A Solution to the “Made in America” Dilemma
Of all the things I’ve been wrong about over the years, there are two I’ll probably never live down.
The first is that I didn’t think Howard Schultz could come back to the company he founded and turn Starbucks (NASDAQ:SBUX) around. I wasn’t the only one who felt that way, but that’s no consolation when you’re that wrong.
The second – which plagues me to this day – is that I didn’t see how the outsourcing and offshoring trend in the technology sector where I spent the ‘80s and ‘90s would ultimately affect our economy.
I wasn’t personally responsible for sending manufacturing jobs overseas, but like many executives, I had myself fooled into believing that America’s future was all about intellectual capital, knowledge workers, and the new economy. We all know how that turned out. We lost our manufacturing muscle and all the jobs that went with it.
As former Intel chairman Andy Grove so aptly put it, “You could say, as many do, that shipping jobs overseas is no big deal because the high-value work — and much of the profits — remain in the U.S. That may well be so. But what kind of a society are we going to have if it consists of highly paid people doing high-value-added work — and masses of unemployed?”
While it sounded like a good idea at the time, outsourcing turned out to be a very slippery slope for a number of reasons.
Once executives bought into the management mantra du jour – to focus on their core competencies in-house and outsource the rest – any function that didn’t contribute to their differentiated value proposition became a candidate for outsourcing. Of course the highest expense – manufacturing – was the first to go.
That went hand-in-hand with a downsizing trend where companies sought to become leaner, increase profit margins, and grow shareholder value. As a consequence, the technology industry became stratified or horizontally specialized. All the manufacturing that required hordes of capital and low-cost labor went to Asia. Eventually, so did commodity engineering and customer service call-centers.
And that’s the way it remained until four factors began to converge that, together, could bring “Made in America” back in a big way – if we don’t shoot ourselves in the foot and squander the opportunity.
The pendulum swung back to vertical integration. Technology companies from Apple (NASDAQ:AAPL) and IBM (NYSE:IBM) to Google (NASDAQ:GOOG) and Microsoft (NASDAQ:MSFT) have seen the light – and the value in controlling virtually ever aspect of their ever-more complex products. Apple, for example, does everything in-house but manufacturing – and it controls that very closely.
China’s bad behavior. From stealing our intellectual property and illegally copying our products to hacking our companies and disrupting our economy, China has managed to flip from an enormous opportunity to an even bigger threat. Granted, it’s both, but the tide has been turning toward the latter for some time.
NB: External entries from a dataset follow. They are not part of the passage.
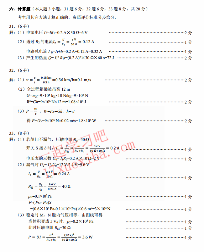 厦门市2017年中考教学质量检查物理试题及答案(2)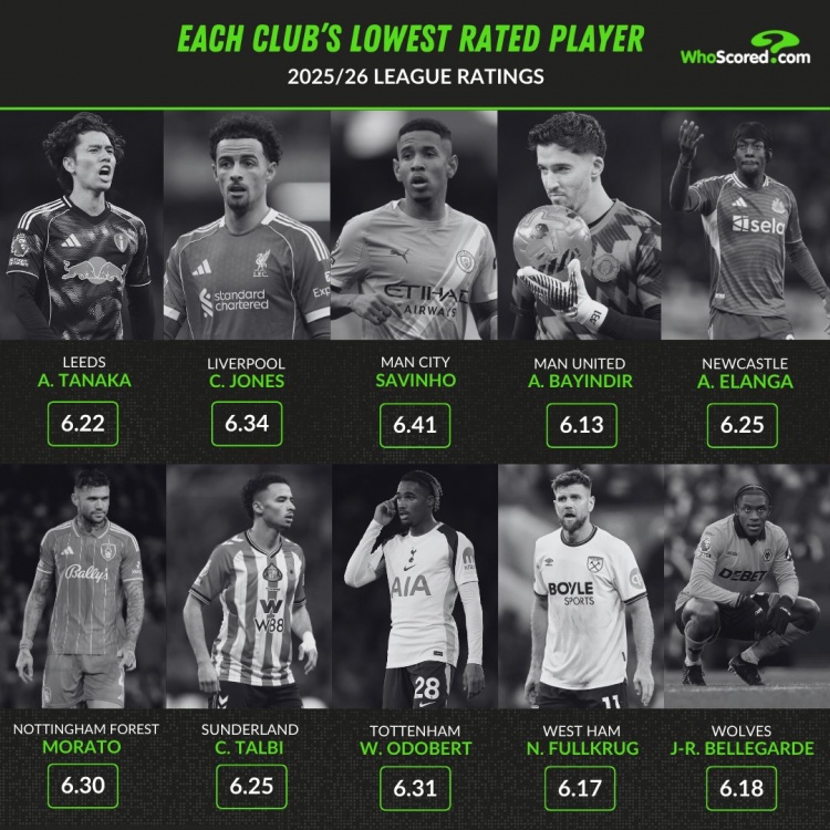 本赛季英超各队场均评分最低球员(至少出场400分钟):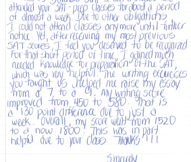 From 2002-06, Michael Tofte Jr. established one of the most successful SAT prep programs in the world with students averaging over a 300 point score increase per student. Below you will find a student testimonial and sample score report (posted with permission; however, I still redacted the name and address of the individual).
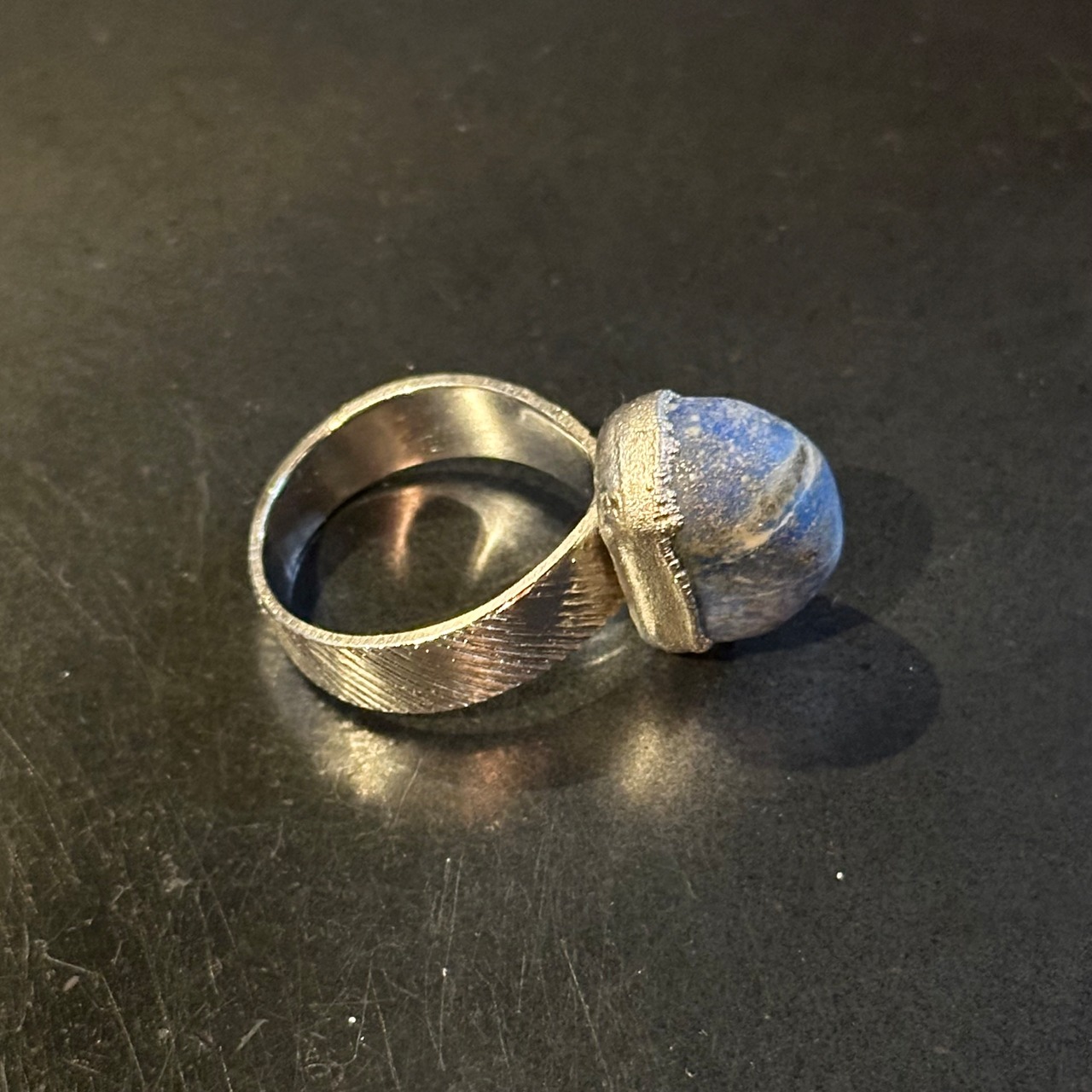 海外で買い付けたブルーストーンデザインのシルバーリングです。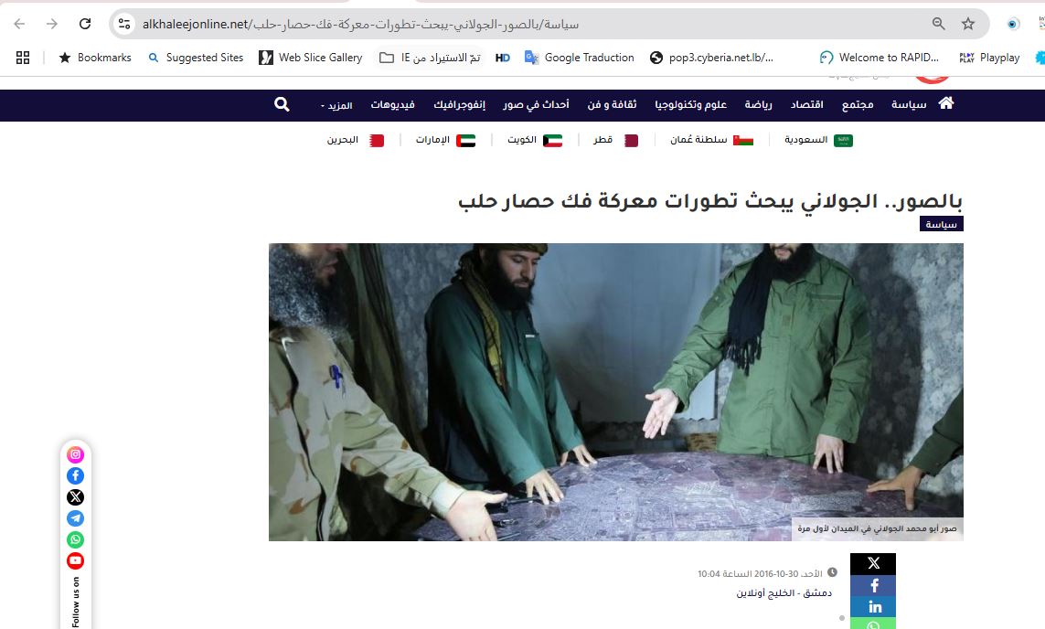 الصورة قديمة اذ تعود إلى 30 تشرين الاول 2016، وقد تداولتها وسائل إعلام يومذاك نقلاً عن مواقع "جبهة فتح الشام" التي ذكرت حينها: (دون تدخل): "الشيخ أبو محمد الجولاني يتفقد التطورات العسكرية ويناقشها مع القادة العسكريين ضمن معركة فك الحصار عن حلب".

The backlash against offshore call-centers. Consumers have been repeatedly frustrated and confounded by offshore customer service and technical support agents that are as clueless and useless as they are polite. And that’s come back to haunt companies trying to improve their bottom line by shipping customer support overseas.
A blessing in disguise: the financial crisis. Granted, it would not be my or anyone else’s choice, but the lasting effects of the 2008 financial meltdown – a sluggish economy and high unemployment – have, if nothing else, been a resounding wakeup call to the perilous state of our nation’s job market and manufacturing base.
The confluence of these unique factors has created a nearly perfect storm for bringing manufacturing back to America. I say “nearly” perfect because there are still a few nagging issues: taxation and regulation. It’s ironic, but the one thing that stands in the way of “Made in America” is that America isn’t exactly the friendliest place for companies to make products.
That said, there’s never been a better time for the CEOs of our leading technology companies to use their not-inconsequential PR and lobbying muscle to induce our lawmakers and administrators in Washington to join them in the fight to bring manufacturing, engineering, customer service, and technical support jobs back to Americans who desperately need them.
While the technology industry might have to lead the way in this fight, it doesn’t have to end there. If the likes of Apple and Google can negotiate tax incentives to repatriate their enormous offshore cash hordes to create manufacturing facilities in America, then industrial giants such as GE (NYSE:GE) and Pfizer (NYSE:PFE) will surely follow suit.
The truth is, if America’s corporate and political leaders get together and actually cooperate with each other, there’s absolutely no reason why we can’t rebuild America’s manufacturing muscle, reduce the unemployment rate, and reinvigorate our sluggish economy, all at the same time.
In all likelihood, there will never be a better time than now. And there’s a very good chance that we will never have an opportunity like this again.